Mark Birbeck has spent the last 7 years designing, building and thinking about dynamic user interfaces.
His goal is a framework where an application's user interface changes automatically, based on the data being interacted with. Such a framework can dramatically increase programming productivity, and open up the world of application-building to many more people.
Mark believes that the framework should be built on open standards, and for this reason he has for a number of years been heavily involved in the W3C; he is an invited expert on both the XForms and HTML Working Groups, helping with XForms and XHTML 2. He also designed RDFa.
His companies have created formsPlayer, an XForms processor for IE, and Sidewinder, a next-generation semantic web browser, that seamlessly combines XForms with other languages such as SVG, MathML and X3D.
His blog focuses on building a new generation of internet applications, and a number of entries relate to Ajax, XForms, the semantic web, and the use of declarative mark-up.
For some time now browser evolution has been slow and fraught with politics.

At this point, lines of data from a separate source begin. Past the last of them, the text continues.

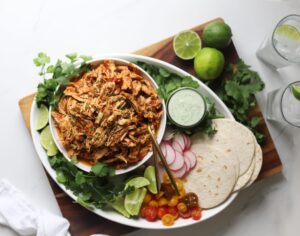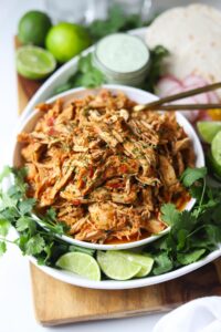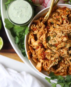 Tinga tacos are one of my favorite ways to enjoy this delicious chicken and instead of your standard sour cream situation, I highly suggest whipping up a batch of my cilantro lime crema to drizzle over each taco.
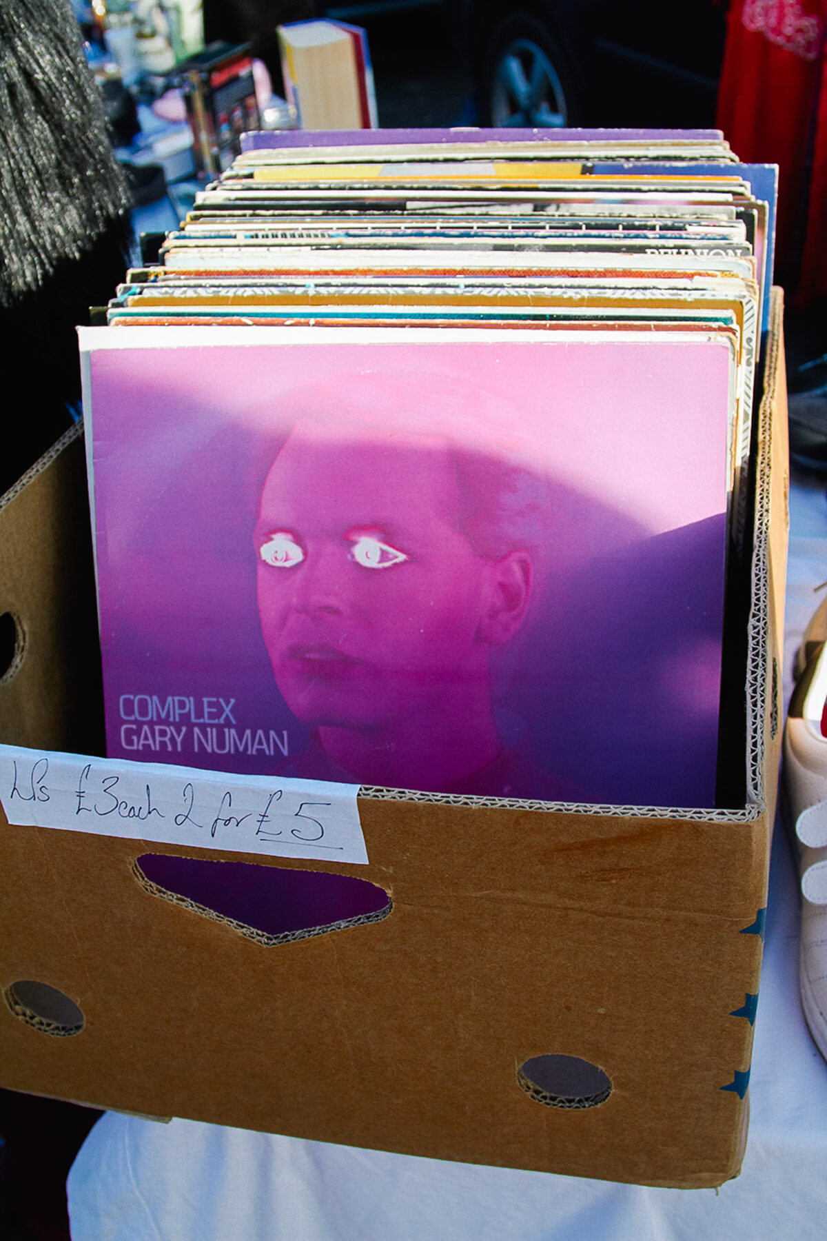 At the foot of the next table is an open suitcase with a bunch of old screwdrivers sitting forlornly inside under an antique globe. Just behind, three gilded lamps stand proudly on the roof of a Ford Mondeo. Nothing seems out of context or unexpected. “Four pounds for the johnnies,” shouts a seller as a punter eyes up four packets of condoms in a tupperware box.
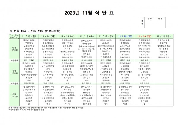 11월 셋째주 식단표 페이지 정보 작성자 은천노인복지회 작성일23-11-10 13:17 조회35,921회 댓글0건 관련링크 이전글 다음글 목록 답변 본문 . 이전글 다음글 목록 답변
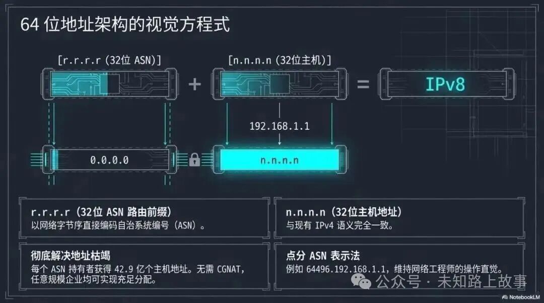 前 32 位叫 r.r.r.r,存的是 ASN 编号,也就是自治系统号,你可以理解成"这个地址属于哪个网络运营商/机构"。后 32 位叫 n.n.n.n,存的是主机地址,语义跟 IPv4 完全一样。

In recent years the only innovation there has been has come from the Ajax community, in the form of exciting libraries and frameworks that allow programmers to push the browser to the limit.
But this has in turn created two further problems; first, these initiatives are not standardised, and consequently they don't take advantage of the native platform in a way that compiled code can.
In this session Mark Birbeck explains a two-pronged approach to addressing this problem. On the one hand small and focused standards need to be created for new APIs that will be useful in many different kinds of application.
But in parallel, a new kind of library needs to be developed that will take advantage of native implementations of these standard APIs when they are available, but will fall back to Ajax implementations as necessary.
This opens up many exciting possibilities for internet-facing that run on both the web and the desktop.